What you will do: Return, without pictures, the lines from the start of the data through the one that contains "Stackable, transparent 3-layer".
══ Available data
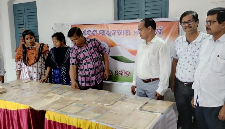 ବୌଦ୍ଧ,୧୪/୮- ଆଜାଦୀ କି ଅମୃତ ମହୋତ୍ସବ ଏବଂ ଦେଶ ସ୍ୱାଧୀନତାରେ ୭୫ ବର୍ଷ ପାଳନ ଅବସରରେ ଏକ ବିରଳ ଦସ୍ତାବିଜ ପ୍ରଦର୍ଶନୀର ଆୟୋଜନ ହୋଇଛି । ବୌଦ୍ଧ ଜିଲ୍ଲା ସଂଗ୍ରହାଳୟ ପରିସରରେ ଗବେଷକ ସତ୍ୟନାରାୟଣ ପାଣିଙ୍କ ଦ୍ୱାରା ସ୍ମୃତିରେ ବୌଦ୍ଧ ଗଡଜାତ ଶୀର୍ଷକ ଏକ ଡକ୍ୟୁମେଣ୍ଟ ପ୍ରଦର୍ଶନୀର ଆୟୋଜନ କରାଯାଇଥିଲା । ଏହି ପ୍ରଦର୍ଶନୀରେ ସ୍ୱାଧୀନତା ପୂର୍ବର ବହୁ ବିରଳ ମାନଚିତ୍ର, ଖବରକାଗଜ, ବୌଦ୍ଧ ଗଡଜାତ ଆନ୍ଦୋଳନ ସହ ଜଡିତ ଚିଠିପତ୍ର, ଦଲିଲ ଓ ବହୁ ରାଜ୍ୟ ତଥା ଜାତୀୟ ସ୍ତରୀୟ ନେତୃବୃନ୍ଦଙ୍କ ଚିଠି ସ୍ଥାନ ପାଇଥିଲା ।
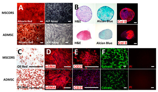 As an essential part of the ISCT characterization panel for MSC classification, capacity for adipo-differentiation, chondro-differentiation, and osteo-differentiation was validated in MSCORS with ADMSCs as a control. Additionally, capacity to differentiate into smooth muscle and endothelial cells has also been demonstrated.
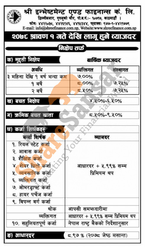 Shree Investment and Finance Company Limited has published a notice regarding the new interest rate for deposit and loan products and it's effective from 1st Shrawan, 2078.
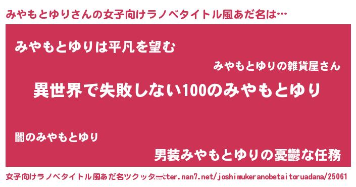 | ヒーロー風カッコイイあだ名 | 『ネオミヤモトユリ』『黄金騎士ミヤ』 |
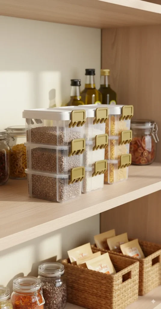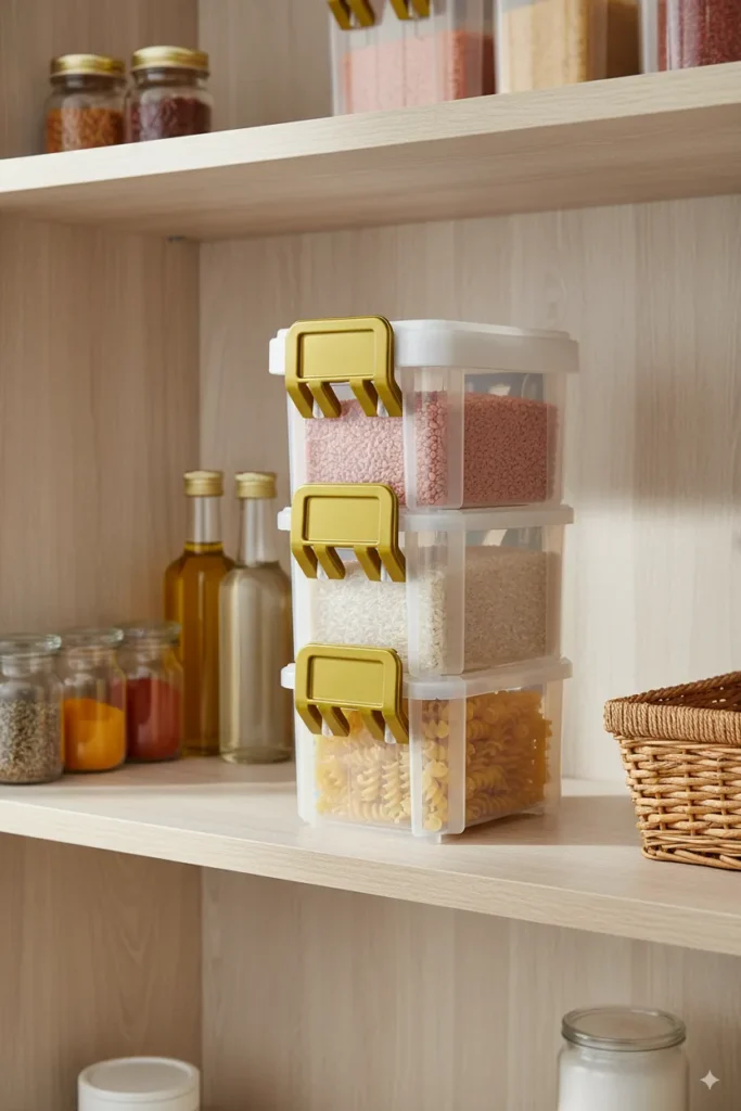 Stackable, transparent 3-layer storage containers with golden clip locks – perfect for storing grains, pasta, snacks, and picnic food.
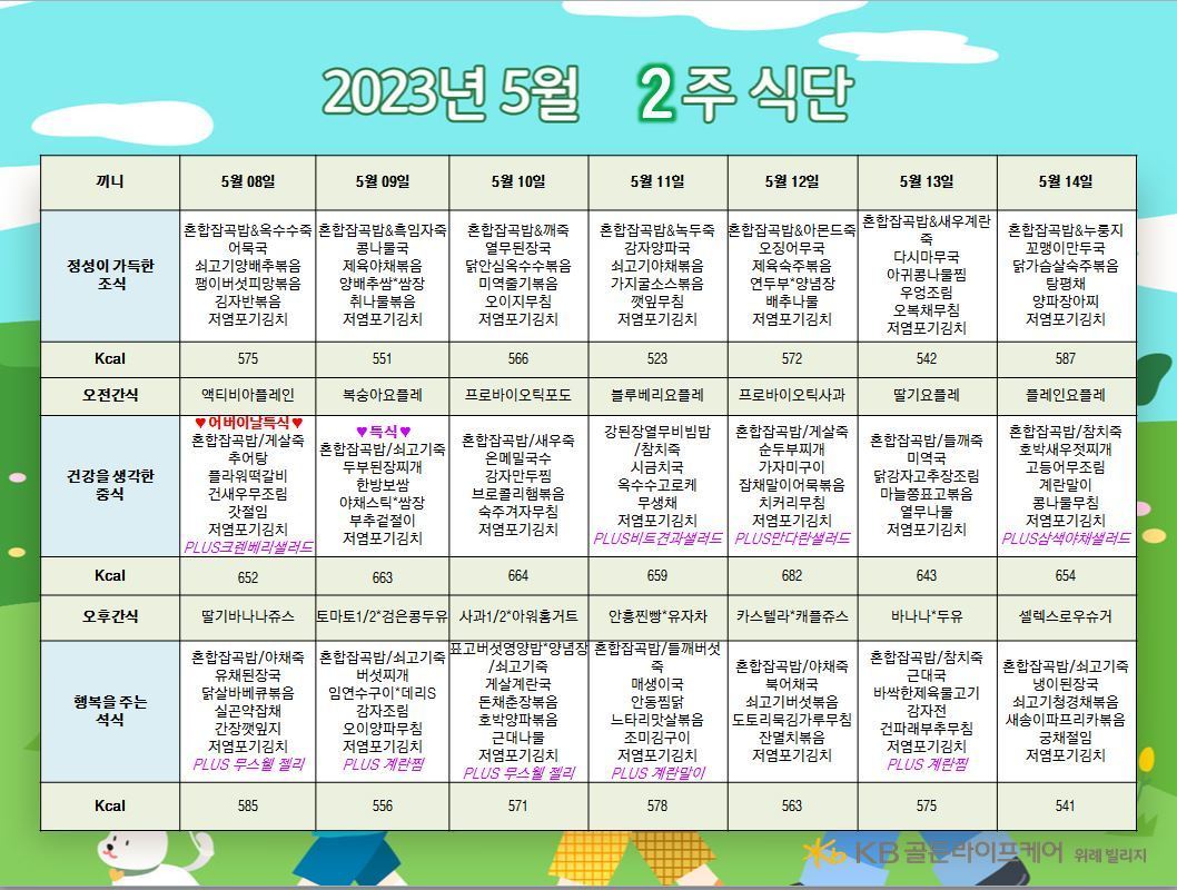 위례빌리지 [식단안내] 위례 빌리지 5월 2주차 식단표 페이지 정보 작성자 KB 골든라이프케어 댓글 0건 조회 2,278회 작성일 23-05-11 08:33 목록 본문 목록 이전글[식단안내] 서초 빌리지 5월 3주차 식단표 23.05.12 다음글[ 오늘의 식단 ] 2023년 5월 9일 목요일 23.05.09
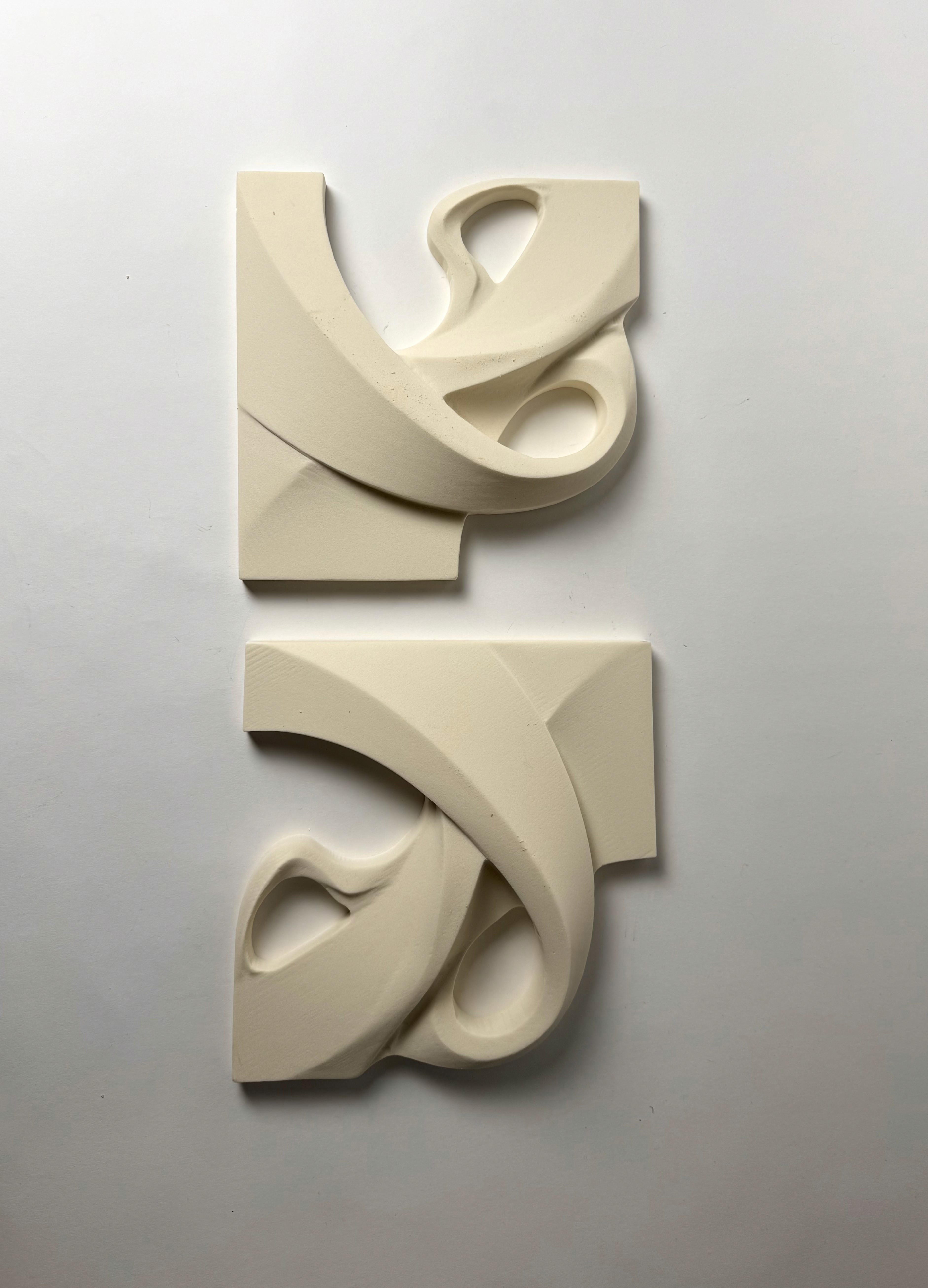 While Flourish can be cast in a series of different materials, this prototype was done in an oyster-based mycelium. The process started with a Rhino model of the form, followed by CNC of the form's front and back in foam. This was then vacuum formed to yield a PET-G mould. Mycelium was then cast in this mould, podded and placed in the drying chamber over a week long process to form the final breezeblock.
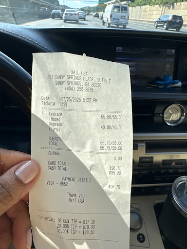 Read moreIf your name isn't Tom, Susan or Chip and give $20 tips your SOL!! The woman who started my nails asked me could I wait for the young man to get finished with a customer and he would finish me, I said no ( he looked between 13 and 15). So I guess that's why I got a rushed fill in. She never removed all the color even though she said she would when she filed them. I had to get all black just to cover the black that was left on them. I asked do you file under the nails NO, I asked do i wash my hands she said Later. Well after the oil was put on I asked do I wash my hands at home she said YES! I then asked am I ALOUD to wash my hands she then said yes! If your income is not in the hundred thousand dollar range this place isn't for you. There was also another lady ( similar to myself) who had 3 different people working on her. 2 were taken away from her to do their "regular customers" they knew by their first names! This woman was seated way before me and the lady( I assume owner) that did me had to finish her. At least she asked for and was given a discount for her inconvenience. We both said we would not be back!! I paid my $40 just to get out without my hands looking a mess, knowing I'll be somewhere else tomorrow getting them redone. I've been getting my nails done for over 20 years so I definitely know when I'm being short changed on...
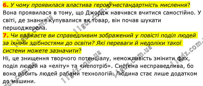 6. У чому проявилася властива герою нестандартність мислення? Вона проявилася в тому, що Джордж навчився вчитися самостійно. У світі, де знання купувалися як товар, він почав шукати першоджерела. 7. Чи вважаєте ви справедливим зображений у повісті поділ людей за їхніми здібностями до освіти? Які переваги й недоліки такої системи можете зазначити? Ні, це знищення творчого потенціалу, неможливість змінити фах, поділ людей на «еліту» та «непотріб». Система несправедлива, бо вона робить людей рабами технологій. Людина стає лише додатком до машини.
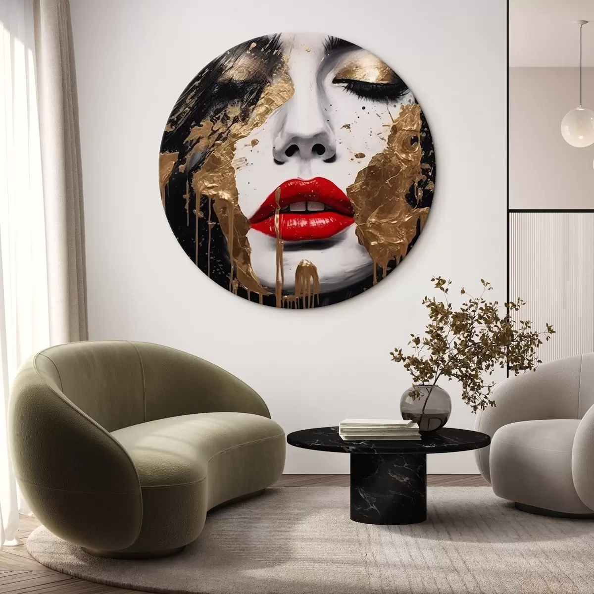 Runde Wandbilder Gesicht mit roten Lippen r44492
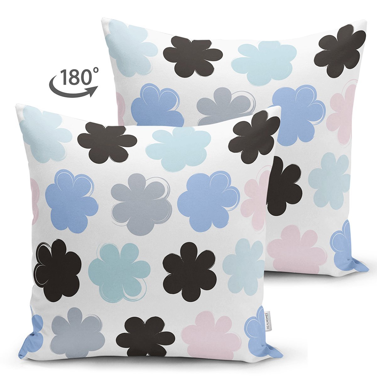 Beyaz Zemin Üzerinde Renkli Modern Çiçek Desenli Dijital Baskılı Modern Süet Yastık Kırlent Kılıfı
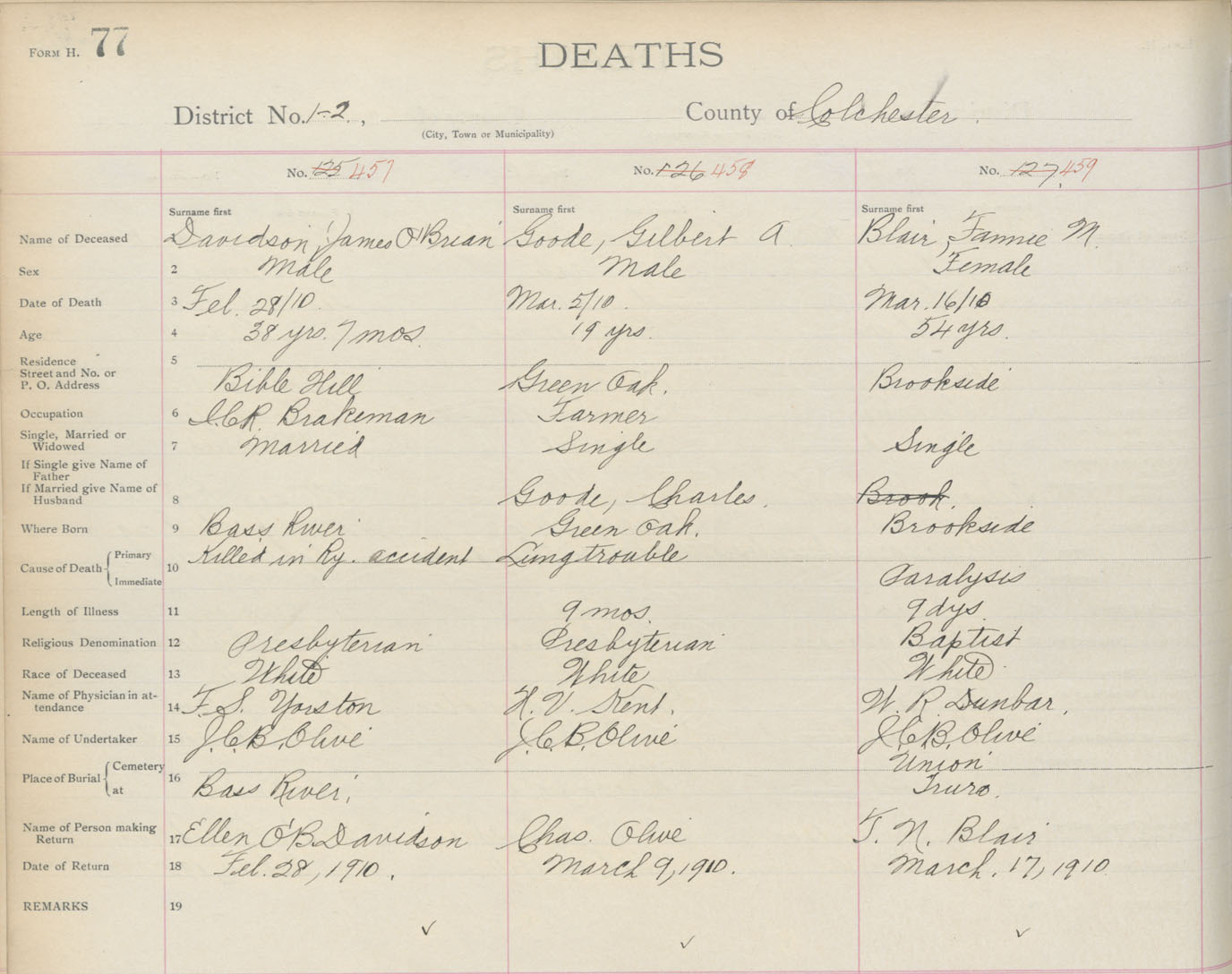 Death Registration: Year: 1910 book: 4 page: 77 number: 459
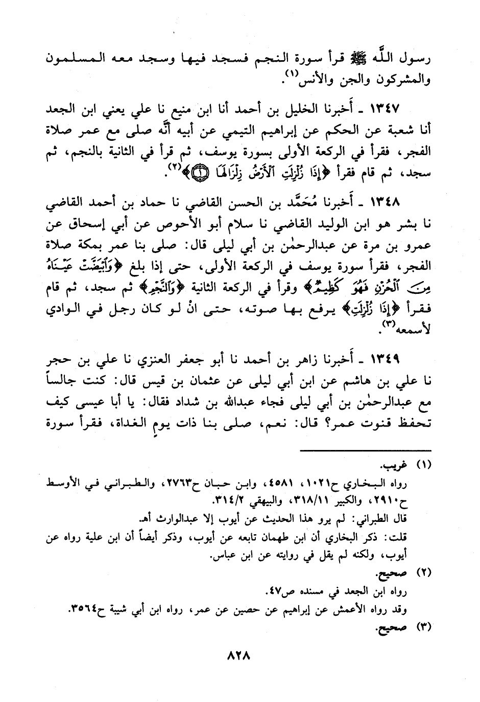1347- أخبرنا الخليل بن أحمد، أَخْبَرَنا ابن منيع، حَدَّثَنا علي يعني ابن الجعد، أَخْبَرَنا شعبة عن الحكم عن إبراهيم التيمي عن أبيه أنه صلى مع عمر صلاة الفجر فقرأ في الركعة الأولى بسورة يوسف ثم قرأ في الثانية بالنجم ثم سجد ثم قام فقرأ {إذا زلزت الأرض زلزالها} .
════
Written answer:
 ବୌଦ୍ଧ,୧୪/୮- ଆଜାଦୀ କି ଅମୃତ ମହୋତ୍ସବ ଏବଂ ଦେଶ ସ୍ୱାଧୀନତାରେ ୭୫ ବର୍ଷ ପାଳନ ଅବସରରେ ଏକ ବିରଳ ଦସ୍ତାବିଜ ପ୍ରଦର୍ଶନୀର ଆୟୋଜନ ହୋଇଛି । ବୌଦ୍ଧ ଜିଲ୍ଲା ସଂଗ୍ରହାଳୟ ପରିସରରେ ଗବେଷକ ସତ୍ୟନାରାୟଣ ପାଣିଙ୍କ ଦ୍ୱାରା ସ୍ମୃତିରେ ବୌଦ୍ଧ ଗଡଜାତ ଶୀର୍ଷକ ଏକ ଡକ୍ୟୁମେଣ୍ଟ ପ୍ରଦର୍ଶନୀର ଆୟୋଜନ କରାଯାଇଥିଲା । ଏହି ପ୍ରଦର୍ଶନୀରେ ସ୍ୱାଧୀନତା ପୂର୍ବର ବହୁ ବିରଳ ମାନଚିତ୍ର, ଖବରକାଗଜ, ବୌଦ୍ଧ ଗଡଜାତ ଆନ୍ଦୋଳନ ସହ ଜଡିତ ଚିଠିପତ୍ର, ଦଲିଲ ଓ ବହୁ ରାଜ୍ୟ ତଥା ଜାତୀୟ ସ୍ତରୀୟ ନେତୃବୃନ୍ଦଙ୍କ ଚିଠି ସ୍ଥାନ ପାଇଥିଲା ।
 As an essential part of the ISCT characterization panel for MSC classification, capacity for adipo-differentiation, chondro-differentiation, and osteo-differentiation was validated in MSCORS with ADMSCs as a control. Additionally, capacity to differentiate into smooth muscle and endothelial cells has also been demonstrated.
 Shree Investment and Finance Company Limited has published a notice regarding the new interest rate for deposit and loan products and it's effective from 1st Shrawan, 2078.
 | ヒーロー風カッコイイあだ名 | 『ネオミヤモトユリ』『黄金騎士ミヤ』 |
 Stackable, transparent 3-layer storage containers with golden clip locks – perfect for storing grains, pasta, snacks, and picnic food.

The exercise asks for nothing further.